John Robert Hale-Monro (1 May 1902 – 9 June 1959), known as Sonnie Hale, was an English actor, screenwriter, and director.

Early life 
John Robert Hale-Monro was born in Kensington, London, the son of Belle Reynolds and actor Robert Hale. His sister, Binnie Hale, was also an actress. Hale was educated at Beaumont College.

Career 
He worked chiefly in musical and revue theatre, but also acted in several films with occasional screenwriting or directing credits. He first performed on stage at the London Pavilion in 1921 in the chorus of the revue Fun of the Fayre. A major personal investment in a show to tour the country planned for late 1939 proved financially ruinous due to the outbreak of war and the subsequent closure of most theatres. His slight acquaintance Evelyn Waugh advised him against such an investment. His reply was reported to be the sardonic "War is good for business, don't you know!"

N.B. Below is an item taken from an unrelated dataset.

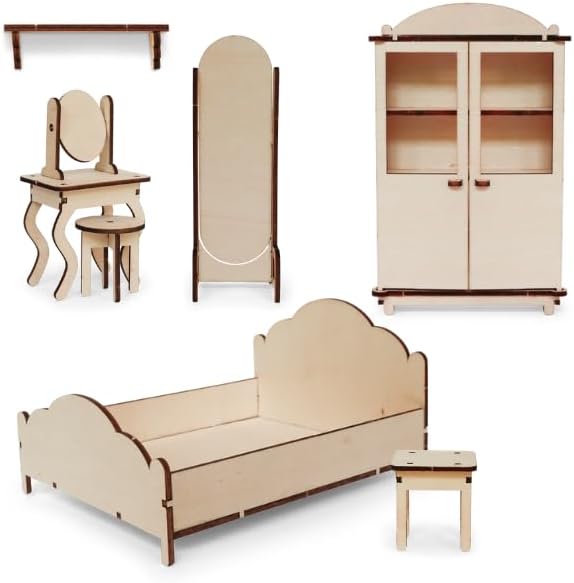 - BUILD 6 BEDROOM FURNITURE PIECES: Including a comfortable bed with headboard spacious wardrobe cabinet elegant dressing table for morning routines wall mirror for getting ready and two matching bedside tables for bedtime books - all precisely pre-cut from smooth wood in authentic 1:12 dollhouse scale

Hale's play The French Mistress premiered at Wimbledon Theatre in 1955. It later enjoyed a long West End run, before being adapted into the film A French Mistress.

Personal life and death 
He was married three times, to:
 The actress Evelyn Laye (1926–1930).
 The actress and dancer Jessie Matthews (1931–1944).
 Mary Kelsey (1945–1957)

He left his first marriage to Evelyn Laye for actress Jessie Matthews, an action which led to a backlash among the British public and caused a scandal.
 
By his second marriage he had one son (died at birth) and one adopted daughter (born 1935); by his third marriage he had one son, John Robert Hale-Monro (born 1946, died 2013) and a daughter. He also had a daughter Joanna Monro (born 1956) from a subsequent relationship with the actress Frances Bennett.

He died on 9 June 1959 in London from myelofibrosis, aged 57.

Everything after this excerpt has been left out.